Глава III
В Бородинском сражении князь Сергей Гарин был тяжело ранен: пуля раздробила ему плечо; хотя пуля была извлечена, но рана причиняла молодому князю ужасную боль, от которой он или впадал в беспамятство, или громко стонал. На паре деревенских кляч, запряжённых в простую телегу, везли раненого князя в Москву; на облучке, рядом с мужиком-возчиком, сидел старик Михеев. Он был угрюм и мрачен: ему крепко было жаль своего «княжича», которого «шальная пуля так угостила».
Верный и преданный денщик не покинул князя во время жаркого сражения, и когда пуля сразила князя, старик не потерялся, кинулся к нему и на своих плечах, под градом пуль, стащил его на перевязочный пункт и со слезами просил усталого, измученного хирурга осмотреть рану князя. Громкая фамилия и чин заставили хирурга заняться тщательно раненым. Пуля была вынута, плечо забинтовано. Немалых трудов стоило Михееву найти лошадей, чтобы довезти раненого до Москвы; за большую плату подрядил старик мужика; ехали шагом: быстрая езда причиняла раненому мучительную боль. Впереди и позади подводы шли наши солдаты, тут же вели и некоторых других раненых.
— Эй, Михеев, ты ли это? — обгоняя подводу, спросил подскакавший к телеге полковник Зарницкий.
— Я, я, ваше высокородие. — Старик денщик обрадовался и велел мужику приостановить лошадей.
— Кто это? Боже, Сергей! Сильно ранен? — меняясь в лице, спросил Пётр Петрович, узнав в раненом своего друга.
— Так сильно, что не знаю, перенесёт ли мой княжич: ведь без памяти, сердечный, — ответил денщик; в его глазах видны были слёзы.
— Куда же ты его везёшь?
— В Москву, а оттуда в Каменки; хоть бы живым довезти княжича до дому.
— Спеши, старик, ведь французы следом за нами идут.
— Пусть идут, не боюсь я их, проклятых! Сгубили, окаянные, моего княжича… Будь они прокляты, прокляты! Отольётся им сторицею пролитая кровь христианская. Дай-кося, вот придёт зимущка-зима студёная, подохнут они, ровно мухи!

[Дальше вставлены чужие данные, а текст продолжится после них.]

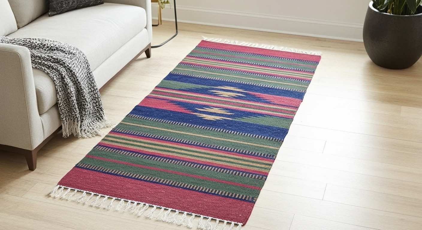 A stunningly beautiful rug! Aztec pattern on a cream background! A true classic! Perfect for any room in the house and also popular for camping and glamping! Very suitable for yurts, bell tents and tepees!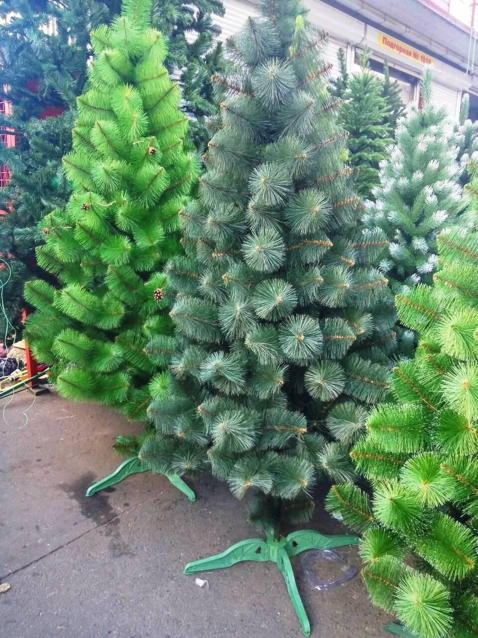 Представленная модель высотой 1,2 метра выполнена из ПВХ тёмно-зелёного цвета, длина иголочек составляет 6 см. Она имеет конусную форму с нижним диаметром 82 см и достаточное количество пышных веток, на которые свободно помещаются новогодние игрушки.

Полковник Зарницкий слез с лошади, наклонился над князем Сергеем, поцеловал его в запёкшиеся, посинелые губы и тихо проговорил:
— Прости, товарищ, друг, прощай! Не знаю, суждено ли нам с тобою увидаться на этом свете? Прости, приятель. — Дрогнул голос у Петра Петровича, по исхудалому загорелому лицу одна за другой текли слёзы. Дрожащею рукой он перекрестил своего раненого друга и низко-низко поклонился ему.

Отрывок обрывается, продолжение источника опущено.